Automation is no less prevalent in the chicken house than in the hatchery, as funnels working like clockwork deposit feed, formulated through computer modeling, for the chickens to eat. Twenty years ago, farmers say, it took more than 2 1/2 pounds of feed to produce a pound of chicken. Today, thanks to dramatic scientific advances in the genetics and nutrition of chicken-breeding, it takes less than two pounds.
At the end of about seven weeks, the Perdue trucks will return once again to carry the chickens, which now weigh about 4 1/2 pounds, to their final destination: one of the company's six "processing plants." A processing plant is the chicken industry's euphemism for slaughterhouse. In little more than an hour, a live chicken will be killed, cut up and prepared for delivery -- as soon as the next morning -- to a supermarket somewhere along the Northeast corridor.
This entire cycle, or something very close to it, is repeated in the facilities of eight other companies here on the Eastern Shore. It is the stuff of the modern broiler business, a national business that got its start in these parts more than 40 years ago and that has since undergone sweeping scientific and industrial transformations.
For the men who run the business now, today's highly integrated, automated industry is a far cry from the ramshackle wire chicken coops they tended as youths. David Bruning, a Maryland farmer who has been growing chickens since 1956, says, "It's like the difference between a Model-T and a BMW -- the business has so changed."
The story of this transformation is the story of the Delmarva chicken industry, one of the most competitive of the eight major production areas in the country. A number of the industry's bellwethers do some or all of their production here, including Perdue, Holly Farms Foods and Con Agra Inc. And nearly 500 million broilers were produced here in 1984, ranking the region fourth in national production, according to figures assembled by the Delmarva Poultry Industry, a trade association.
The region -- an area 100 miles long and 60 miles wide, made up of parts of Maryland, Delaware and Virginia -- is perhaps the most densely concentrated chicken-producing area of them all, said Bill Stephens, DPI's executive assistant.

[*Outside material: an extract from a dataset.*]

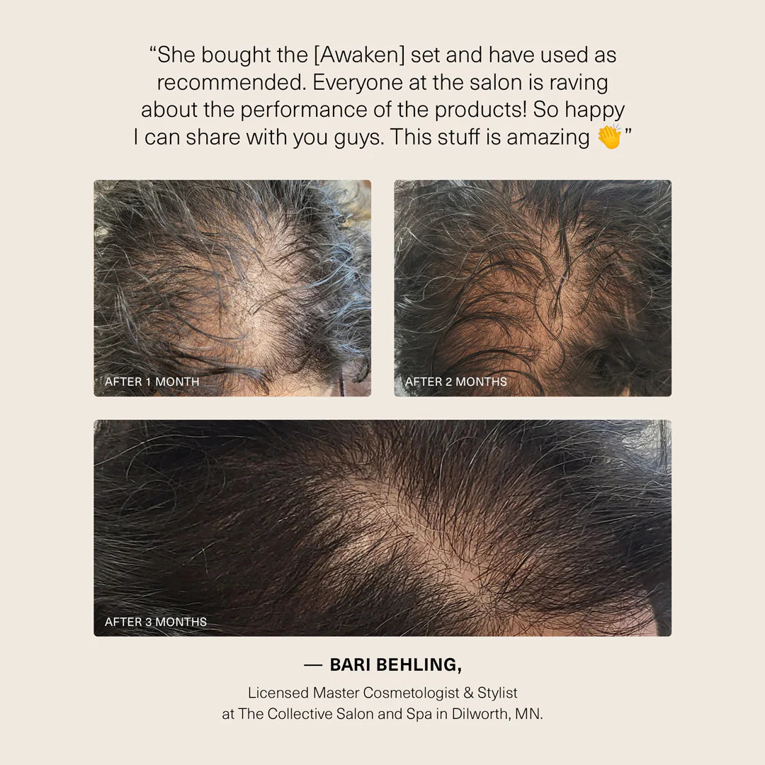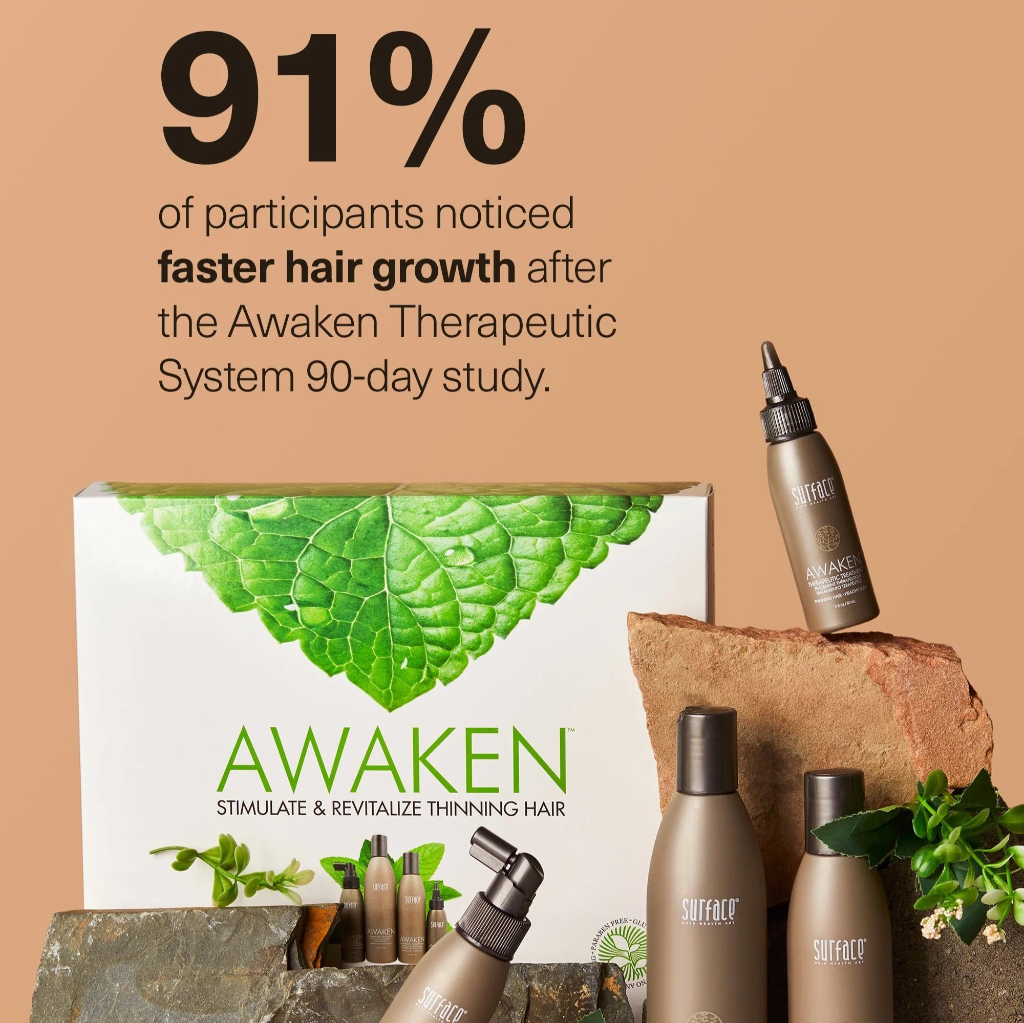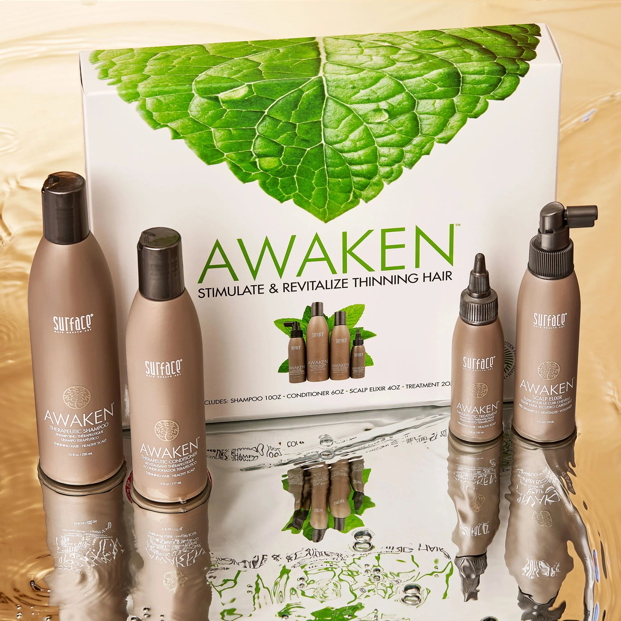 Awaken Therapeutic Shampoo Capsicum Frutescens (Cayenne) Extract, Menthol, Orbignya Oleifera (Babassu) Oil, Linum Usitatissimum (Flax) Seed Oil, Hydrolyzed Amaranth Protein, Hydrolyzed Soy Protein, Hydrolyzed Vegetable Protein, Cocos Nucifera (Coconut) Oil, Tocopheryl Acetate (Vitamin E), Retinyl Palmitate (Vitamin A), Ascorbic Acid (Vitamin C), Glycol Stearate, Polysorbate 20, Stearamine Oxide, DI-PPG-2 Myreth-10 Adipate, Cinnamidopropyltrimonium Chloride, Polyquaternium-7, Magnesium Carbonate, Acetamidopropyl Trimonium Chloride, Citric Acid, Cocamidopropyl Betaine, Sodium Methyl-2 Sulfolaurate, Disodium 2-Sulfolaurate, Sodium Lauryl Sulfoacetate, Decyl Glucoside, Glycol Distearate, Laureth-4,Polyquaternium-10, Disodium EDTA, Panthenol, Phenoxyethanol, Caprylyl Glycol, Sorbic Acid, Ceramide NP, Tourmaline Powder, Water (Aqua) Awaken Therapeutic Conditioner Serenoa Serrulata Fruit Extract, Camellia Sinensis Leaf Extract, Equisetum Arvense Extract, Mentha Piperita, (Peppermint) Leaf Extract, Juglans Nigra (Black Walnut) Extract, Taraxacum Officinale (Dandelion) Extract, Menthol, Capsicum Frutescens (Cayenne) Extract, Orbignya Oleifera (Babassu) Oil, Linum Usitatissimum (Flax) Seed Oil, Hydrolyzed Amaranth Protein, Hydrolyzed Soy Protein, Hydrolyzed Vegetable Protein, Tocopheryl Acetate (Vitamin E) , Retinyl Palmitate (Vitamin A), Ascorbic Acid (VitaminC), Cocos Nucifera Oil, Dimethicone, Glycoproteins, Panthenol, Sorbitol, Glycine, Alanine, Proline, Serine, Threonine, Arginine, Lysine, Glutamic Acid, Saccharomyces/Silicon Ferment, Saccharomyces/Magnesium Ferment, Saccharomyces/Copper Ferment, Saccharomyces/Zinc Ferment, Saccharomyces/Iron Ferment, Linoleamidopropyl PG-Dimonium Chloride Phosphate, Ethoxydiglycol, Sodium PCA, Betaine, Phenoxyethanol, Cetrimonium Chloride, Cetyl Alcohol, Dicetyldimonium Chloride, Cetearyl Alcohol, Aminomethyl Propanol, Superoxide Dismutase, Ceramide NP, Tourmaline Powder, Caprylyl Glycol, Sorbic Acid, Water (Aqua) Awaken Therapeutic Treatment Sereona Serrulata (Saw Palmetto) Extract, Panax Ginseng Extract, Silybum Maranium Extract, Urtica Dioica (Nettle) Extract, Camellia Oleifera Leaf Extract, Ginkgo Biloba Leaf Extract, Humulus Lupulus (Hops) Extract, Melissa Officinalis (Balm Mint) Leaf Extract, Capsicum Frutescens (Cayenne) Extract, Orbignya Oleifera (Babassu) Oil, Menthol, Carrot Oleoresin, Cocos Nucifera (Coconut) Oil, Linum Usitatissimum (Flax) Seed Oil, Hydrolyzed Amaranth Protein, Aloe Barbadensis Leaf Juice, Glycine, Alanine, Proline, Serine, Threonine, Arginine, Lysine, Hydroxypropyltrimonium Hydrolyzed Soy Protein, Ceramide NP, Tourmaline Powder, Hydrolyzed Vegetable Protein, Tocopheryl Acetate (Vitamin E), Retinyl Palmitate (Vitamin A), Ascorbic acid (Vitamin C), Sorbic Acid, Panthenol, Sodium PCA, Betaine, Sorbitol, Glutamic Acid, Acetamide MEA, Hydrolyzed Soy Protein, Ethoxydiglycol, Methyl Nicotinate, Polysorbate 20, Polysorbate 60, Polysorbate 80, Aminomethyl Propanol, Phenoxyethanol, Cocamidopropyl Betaine, Fragrance (Parfum), Citric Acid, Glycerin, Caprylyl Glycol, Superoxide Dismutase, Saccharomyces/Silicon Ferment, Saccharomyces/Magnesium Ferment, Saccharomyces/Copper Ferment, Saccharomyces/Iron Ferment, Saccharomyces/Zinc Ferment, Hydroxypropyltrimonium Hydrolyzed Vegetable Protein, Water/Eau Awaken Elixir Biotin, Serenoa Serrulata Fruit Extract, Camellia Sinensis Leaf Extract, Orbignya Oleifera (Babassu) Seed Oil, Equisetum Hiemale Extract, Capsicum Frutescens Fruit Extract, Carthamus Tinctorius (Safflower) Seed Oil, Mentha Piperita (Peppermint) Leaf Extract, Juglans Nigra (Black Walnut) Leaf Extract, Taraxacum Officinale (Dandelion) Leaf Extract, Glycoproteins, Tocopheryl Acetate (Vitamin E), Linum Usitatissimum (Flax) Seed Oil, Retinyl Palmitate(Vitamin A), Ceramide NP, Tourmaline, Saccharomyces/Silicon Ferment, Saccharomyces/Magnesium Ferment, Saccharomyces/Copper Ferment, Saccharomyces/Iron Ferment, Saccharomyces/Zinc Ferment, Sorbic Acid, Citric Acid, Aloe Barbadensis Leaf Juice, Panthenol, Menthol, Tetrasodium Edta, Hydrolyzed Vegetable Protein, Hydrolyzed Soy Protein, Camphor, Mentha Piperita (Peppermint) Oil, Sodium Pca, Betaine, Glutamic Acid, Hydrolyzed Amaranth Protein, Xymenynic Acid, Ascorbic Acid (Vitamin C), Superoxide Dismutase, Glycerin, Polysorbate 20, Phenoxyethanol , Caprylyl, Glycol, Sorbitol, Glycine, Alanine, Proline, Serine, Threonine, Arginine, Lysine, Water (Eau)

Included is the most productive county nationwide: Sussex County, Del., where about 150 million broilers are grown annually.
Plus, Stephens is quick to add, it all started here.
That was back in 1923, according to research by George Chaloupka, a University of Delaware poultry specialist. Wilmer Steele, of Ocean View, Del., was reportedly the first commercial broiler producer, growing 500 chickens in a 16-foot-square broiler house. It took 16 weeks to grow the first flock, and the broilers averaged 2 1/4 pound live weight. They sold for 62 cents per pound.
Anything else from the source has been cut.